-------- Dataset content --------

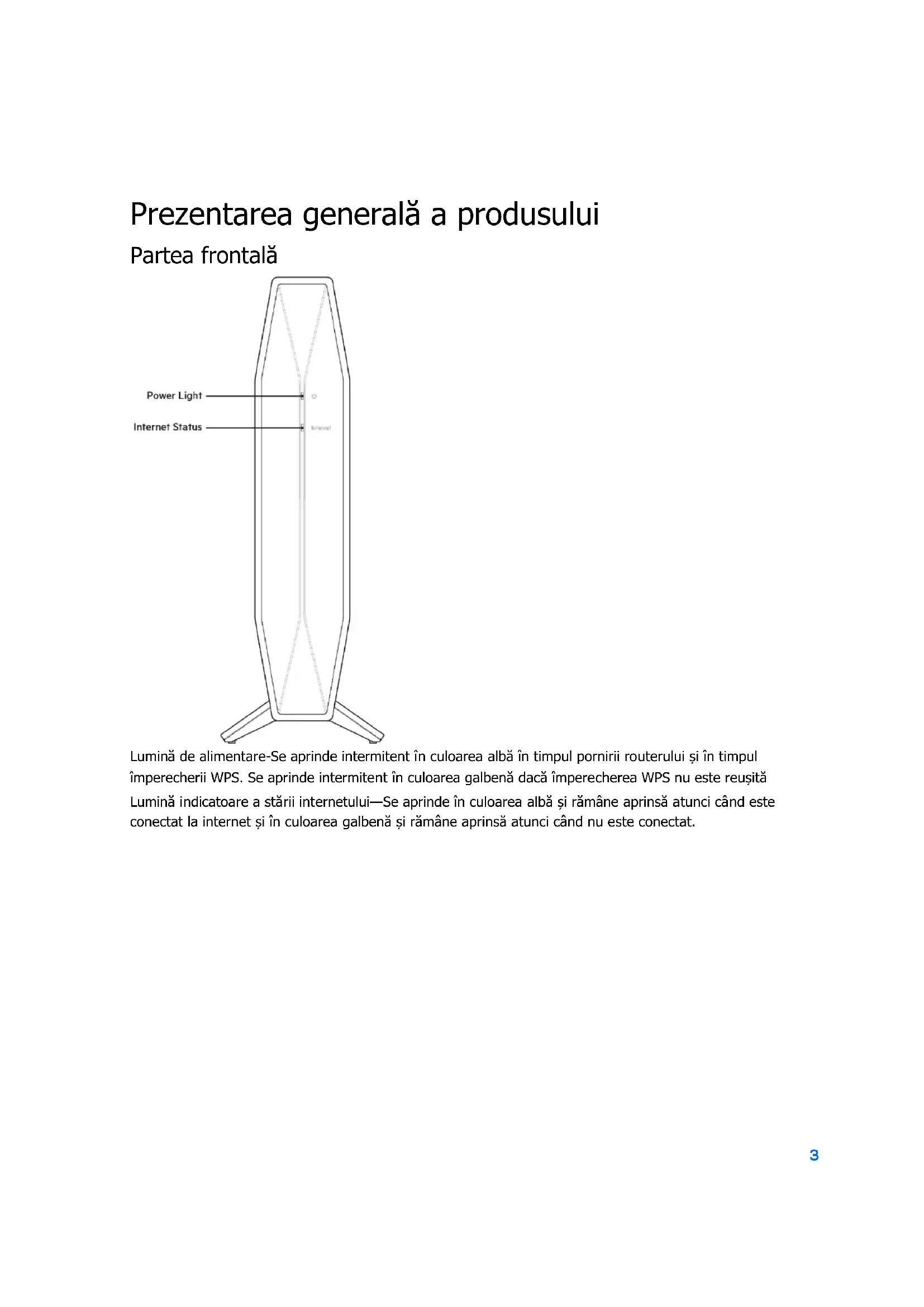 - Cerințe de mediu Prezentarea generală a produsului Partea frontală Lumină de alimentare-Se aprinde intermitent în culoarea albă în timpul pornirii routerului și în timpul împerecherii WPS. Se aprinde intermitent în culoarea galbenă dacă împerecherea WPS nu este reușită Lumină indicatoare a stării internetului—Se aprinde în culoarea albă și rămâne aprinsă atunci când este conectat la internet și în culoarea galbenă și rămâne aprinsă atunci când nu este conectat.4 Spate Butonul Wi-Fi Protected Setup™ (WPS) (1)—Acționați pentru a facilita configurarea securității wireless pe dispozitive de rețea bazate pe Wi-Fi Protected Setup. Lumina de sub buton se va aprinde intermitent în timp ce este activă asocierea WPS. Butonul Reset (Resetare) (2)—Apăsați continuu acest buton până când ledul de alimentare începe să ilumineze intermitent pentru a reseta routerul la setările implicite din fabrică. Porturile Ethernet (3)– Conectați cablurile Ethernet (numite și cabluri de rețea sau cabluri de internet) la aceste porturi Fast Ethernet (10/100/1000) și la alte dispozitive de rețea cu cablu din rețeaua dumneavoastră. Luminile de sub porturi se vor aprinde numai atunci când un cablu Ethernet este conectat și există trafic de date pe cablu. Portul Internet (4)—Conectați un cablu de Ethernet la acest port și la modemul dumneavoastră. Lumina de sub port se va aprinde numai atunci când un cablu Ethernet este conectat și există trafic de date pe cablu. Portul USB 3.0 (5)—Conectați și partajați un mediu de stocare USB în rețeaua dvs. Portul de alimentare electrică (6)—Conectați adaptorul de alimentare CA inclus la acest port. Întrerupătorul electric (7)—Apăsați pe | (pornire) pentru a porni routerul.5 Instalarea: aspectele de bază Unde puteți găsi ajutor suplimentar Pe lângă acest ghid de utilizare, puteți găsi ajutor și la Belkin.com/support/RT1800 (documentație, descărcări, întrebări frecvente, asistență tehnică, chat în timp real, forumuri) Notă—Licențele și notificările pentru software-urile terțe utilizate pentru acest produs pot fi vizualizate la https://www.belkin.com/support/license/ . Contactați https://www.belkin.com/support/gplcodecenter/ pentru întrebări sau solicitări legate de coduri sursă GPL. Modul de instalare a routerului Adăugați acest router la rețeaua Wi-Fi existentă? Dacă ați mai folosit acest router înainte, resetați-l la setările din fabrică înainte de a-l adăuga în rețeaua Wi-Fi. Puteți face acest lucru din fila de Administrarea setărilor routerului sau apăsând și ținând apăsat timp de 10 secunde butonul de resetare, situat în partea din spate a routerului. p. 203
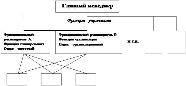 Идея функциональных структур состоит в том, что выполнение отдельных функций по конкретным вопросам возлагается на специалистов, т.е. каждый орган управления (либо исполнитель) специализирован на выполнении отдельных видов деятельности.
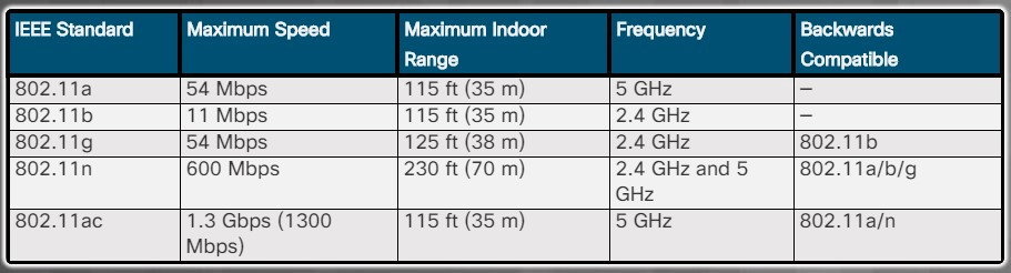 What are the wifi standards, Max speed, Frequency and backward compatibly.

--------

Output precisely the lines in the material above from the line containing "Идея функциональных структур" through its last line, and omit pictures.

Exercise result:
 Идея функциональных структур состоит в том, что выполнение отдельных функций по конкретным вопросам возлагается на специалистов, т.е. каждый орган управления (либо исполнитель) специализирован на выполнении отдельных видов деятельности.
 What are the wifi standards, Max speed, Frequency and backward compatibly.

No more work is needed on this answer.